Un grognement las lui répondit.

— Mais Keiiiji ! Si on veut manger on a qu'à commander ! On n'est pas obligés de faire les courses !

— Comme tu voudras. Si tu veux ressembler à une balle de volley et ne plus être capable de faire autre chose que de rouler, libre à toi.

Bokuto ouvrit la bouche et la referma aussitôt. Une lueur de doute passa devant ses prunelles enfantines.

— Alors ? insista le passeur qui venait d'enrouler son écharpe bordeau autour de son cou, comme s'il connaissait assez son capitaine pour savoir qu'il avait réussi à le faire changer d'avis.

— J'imprime les attestations.

Akaashi sourit, satisfait. Deux sacs de courses dans les mains - qu'il avait trouvé sous le lit de son hôte, allez savoir ce qu'ils faisaient là - il attendit patiemment que Kotaro finisse de se préparer pour y aller. Si un air enchanté se lisait sur le visage de Keiji qui était pressé de remplir le frigo et les placards pour tout réorganiser, Kotaro était visiblement nettement moins enjoué. Il aurait voulu passer la journée à flâner dans son lit, mais son nouveau colocataire avait d'autres projets, pour son plus grand dam.

— Tu peux aller me chercher du lait ?

Bokuto lui jeta un regard de veau mort. Avachi sur le caddie qu'il semblait pousser à grande peine, il n'avait décidément pas l'air déterminé pour aller lui ramener quoi que ce soit.

— J'y vais, marmonna-t-il à contre-coeur.

— Ça te dit d'aller faire des passes cette après-midi ?

Keiji avait balancé ça naturellement, telle une banalité que l'on sort pour amorcer une conversation. Mais il savait que l'effet que produirait ces mots sur son vis à vis serait loin d'être anodin. Sourire jusqu'aux oreilles, Bokuto le regarda avec des étoiles dans les yeux.

— Bien sûr que ça me dit ! Yooosh ! Je suis remonté à bloc ! Je vais te ramener le lait en moins de deux, hey hey hey !

Il venait de partir telle une fusée en direction du rayon produits laitiers. Un sourire nostalgique naquit sur les lèvres du passeur, qui tenait sa liste d'un air rêveur. Ça faisait du bien de retrouver son capitaine.

De son côté, il passa au rayon fruits et légumes afin de rendre l'alimentation de son hôte un peu plus saine. Si Keiji était aussi doué en cuisine que pour l'entretien d'une maison, c'est parce qu'il avait été longtemps seul chez lui, délaissé par ses parents qui se levaient tôt et rentraient tard le soir. Il avait alors rapidement dû apprendre à se débrouiller seul, et ça commençait par apprendre à réchauffer un plat à l'âge de six ans et savoir se faire des pâtes à l'âge de huit ans.
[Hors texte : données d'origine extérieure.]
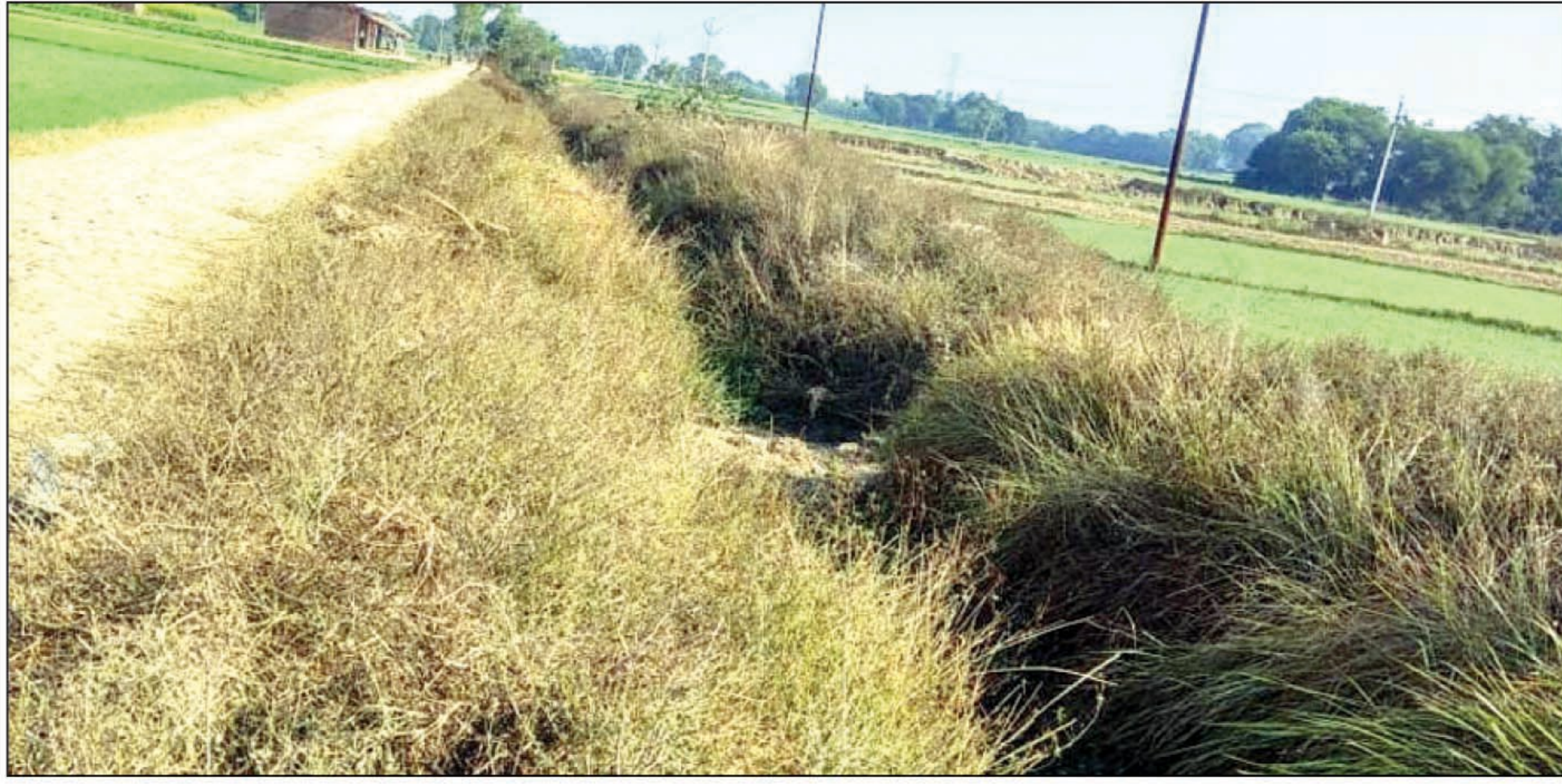
रजबहा व नदियों में उड़ रहा है धूल, किसानों में आक्रोश

जेठवारा। रबी फसल की पहली सिंचाई का समय चल रहा है लेकिन हीरगंज रजबहा व लोनी नदी में अभी भी धूल उड़ रही है। नहर में अब सिल्ट सफाई का काम शुरू हुआ है, लेकिन सम्बंधित ठेकेदार नहर की सफाई में भी खेल कर रहा है। क्षेत्र के किसानों ने ठेकेदार के इस कारनामे की शिकायत किया तो अधिकारियों ने अनसुनी कर दिया। बाबागंज क्षेत्र की शारदा सहायक नहर से निकल कर मान्यता बर्नाक के बगियापुर गांव के पास बकुलाही नदी में गिरने वाली करीब पैंतीस मील लम्बी इस नहर में पिछले ढाई दशकों से टेल पर बसे करीब दर्जनभर गांव के किसानों की सिंचाई के लिए पानी नहीं मिल पा रहा है।बाघराय से लेकर बगियापुर तक हीरगंज रजबहा की वर्षों से मरमत्त नहीं हुई।और हमेशा की तरह इस बार भी सिंचाई विभाग के अधिकारी और ठेकेदार ने मिलकर नहर की सफाई के नाम पर खेल करते हुए बिना सफाई किए ही धन की बंदरबांट किया।अब किसानों की शिकायत को भी अधिकारी अनसुनी
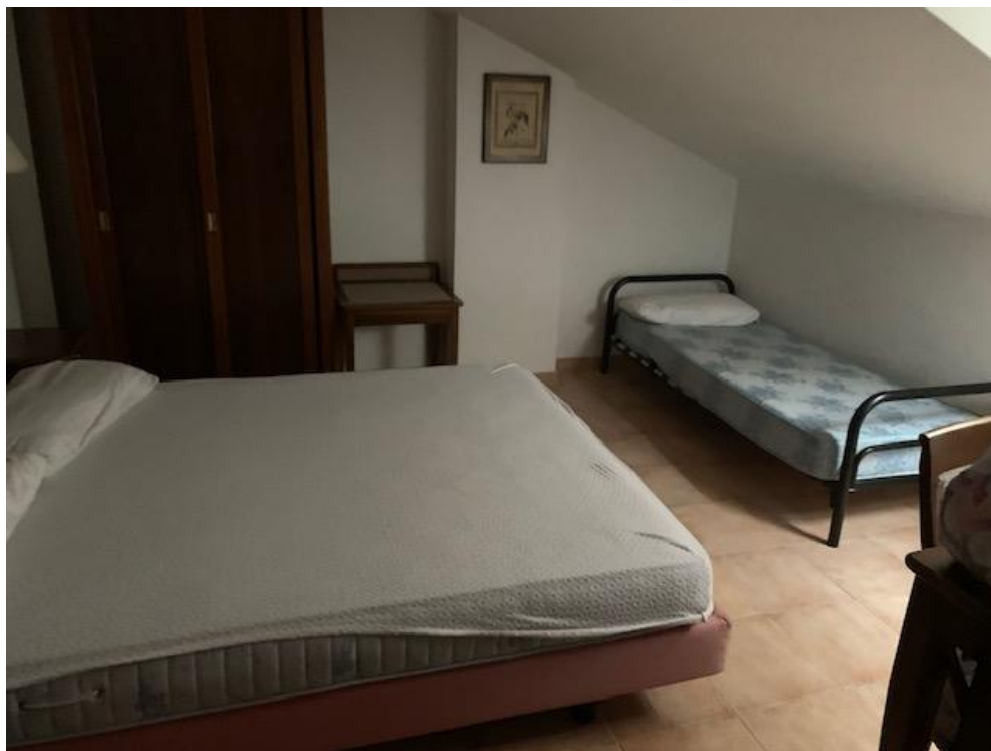
- Piano Terzo – camera

Esecuzione Immobiliare n.57/17 R.G.E. promossa da: Banca del Fucino Spa c/
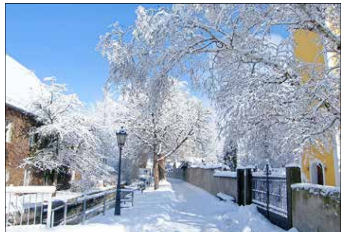
Februar 2009 – Kirchweg –

Certains pouvaient le plaindre de ne pas avoir eu d'enfance heureuse avec des parents présents. Néanmoins, Akaashi n'en voulait pas à ses géniteurs. Étant tous les deux médecins, il comprenait qu'il était très important pour eux d'être là pour leurs patients. Il aimait la solitude, il aimait lire des BD tard le soir dans son lit, où jouer tout seul dans son coin. Et puis, comme il aimait le dire, cette situation avait au moins eu le mérite de lui donner de l'expérience pour entretenir un foyer.

Le confinement n'avait donc pas changer grand chose à son quotidien. Ses parents, en tant que personnels soignants, rentraient toujours aussi tard et se levaient toujours aussi tôt. Le seul point négatif était qu'il ne pouvait plus pratiquer le volley, et c'était selon lui la seule ombre au tableau.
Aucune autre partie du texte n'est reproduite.